# What is expected:
Starting at the first line of the entries below, restate each line exactly until you reach the line with "Shop for a We", and print that one too. Leave the pictures out and stop there.

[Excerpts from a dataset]
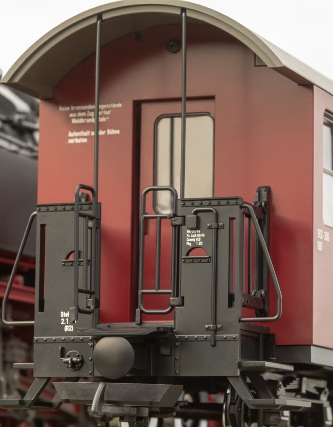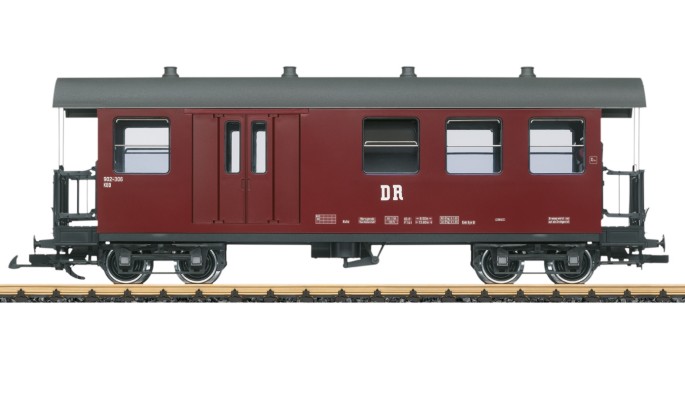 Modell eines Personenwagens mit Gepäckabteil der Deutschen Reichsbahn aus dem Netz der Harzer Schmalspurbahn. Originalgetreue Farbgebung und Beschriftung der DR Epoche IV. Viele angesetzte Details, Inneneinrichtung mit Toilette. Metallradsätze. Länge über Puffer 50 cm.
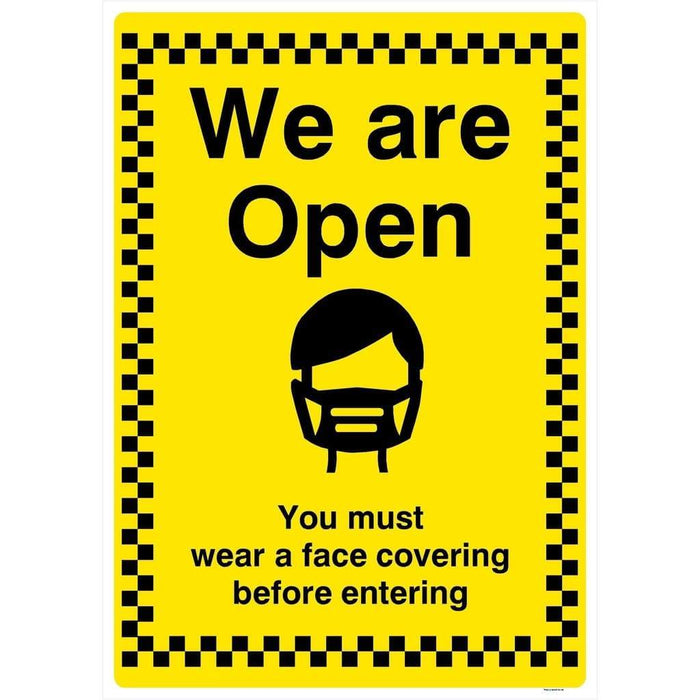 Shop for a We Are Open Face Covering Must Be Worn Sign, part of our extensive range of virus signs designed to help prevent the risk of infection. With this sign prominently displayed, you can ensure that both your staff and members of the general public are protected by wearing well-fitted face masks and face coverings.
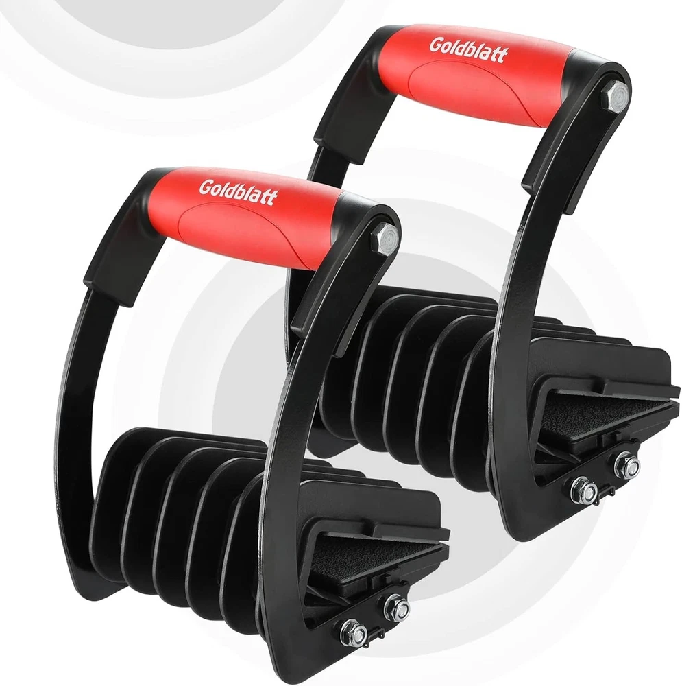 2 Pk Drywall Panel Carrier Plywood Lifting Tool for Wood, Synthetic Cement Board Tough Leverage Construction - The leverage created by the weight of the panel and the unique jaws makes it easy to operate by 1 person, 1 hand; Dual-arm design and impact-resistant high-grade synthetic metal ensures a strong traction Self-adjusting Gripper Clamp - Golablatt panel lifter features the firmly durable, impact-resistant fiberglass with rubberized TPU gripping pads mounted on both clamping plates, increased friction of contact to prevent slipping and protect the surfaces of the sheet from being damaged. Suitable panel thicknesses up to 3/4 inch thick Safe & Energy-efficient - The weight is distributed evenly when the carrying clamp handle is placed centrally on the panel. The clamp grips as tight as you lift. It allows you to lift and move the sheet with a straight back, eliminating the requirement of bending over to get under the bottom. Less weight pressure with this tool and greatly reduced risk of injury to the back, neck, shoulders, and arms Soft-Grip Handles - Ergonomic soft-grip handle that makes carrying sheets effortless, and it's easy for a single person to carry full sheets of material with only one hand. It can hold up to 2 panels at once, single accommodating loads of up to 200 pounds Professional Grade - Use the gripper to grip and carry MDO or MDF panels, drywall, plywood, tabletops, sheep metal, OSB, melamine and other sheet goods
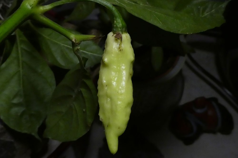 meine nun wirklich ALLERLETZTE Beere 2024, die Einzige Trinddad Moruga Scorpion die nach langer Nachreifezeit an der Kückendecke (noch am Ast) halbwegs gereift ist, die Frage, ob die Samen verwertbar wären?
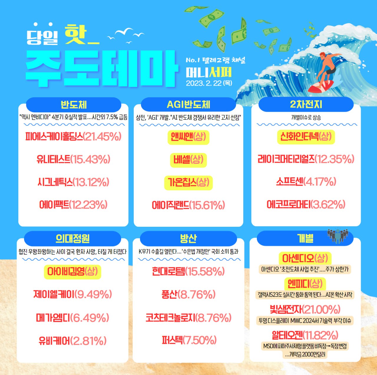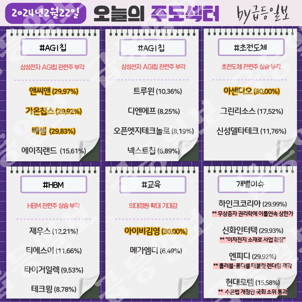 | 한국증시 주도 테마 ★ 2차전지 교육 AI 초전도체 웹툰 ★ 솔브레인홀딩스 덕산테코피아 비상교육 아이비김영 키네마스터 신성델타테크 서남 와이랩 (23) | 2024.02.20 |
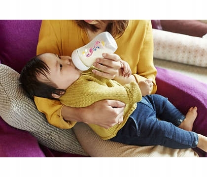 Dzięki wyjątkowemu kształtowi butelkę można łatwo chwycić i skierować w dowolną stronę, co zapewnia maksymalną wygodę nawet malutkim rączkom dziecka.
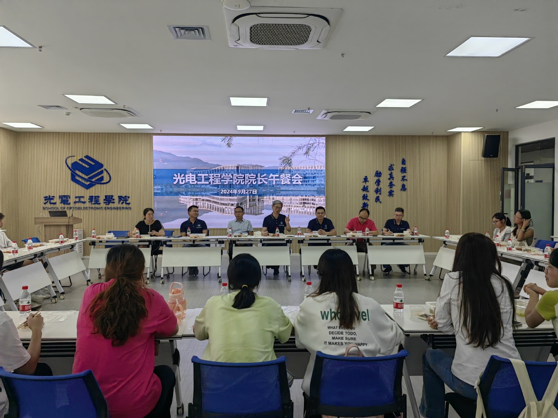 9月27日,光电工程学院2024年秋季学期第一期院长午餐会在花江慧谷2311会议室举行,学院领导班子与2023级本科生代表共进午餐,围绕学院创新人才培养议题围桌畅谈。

# Solution for this exercise:
 Modell eines Personenwagens mit Gepäckabteil der Deutschen Reichsbahn aus dem Netz der Harzer Schmalspurbahn. Originalgetreue Farbgebung und Beschriftung der DR Epoche IV. Viele angesetzte Details, Inneneinrichtung mit Toilette. Metallradsätze. Länge über Puffer 50 cm.
 Shop for a We Are Open Face Covering Must Be Worn Sign, part of our extensive range of virus signs designed to help prevent the risk of infection. With this sign prominently displayed, you can ensure that both your staff and members of the general public are protected by wearing well-fitted face masks and face coverings.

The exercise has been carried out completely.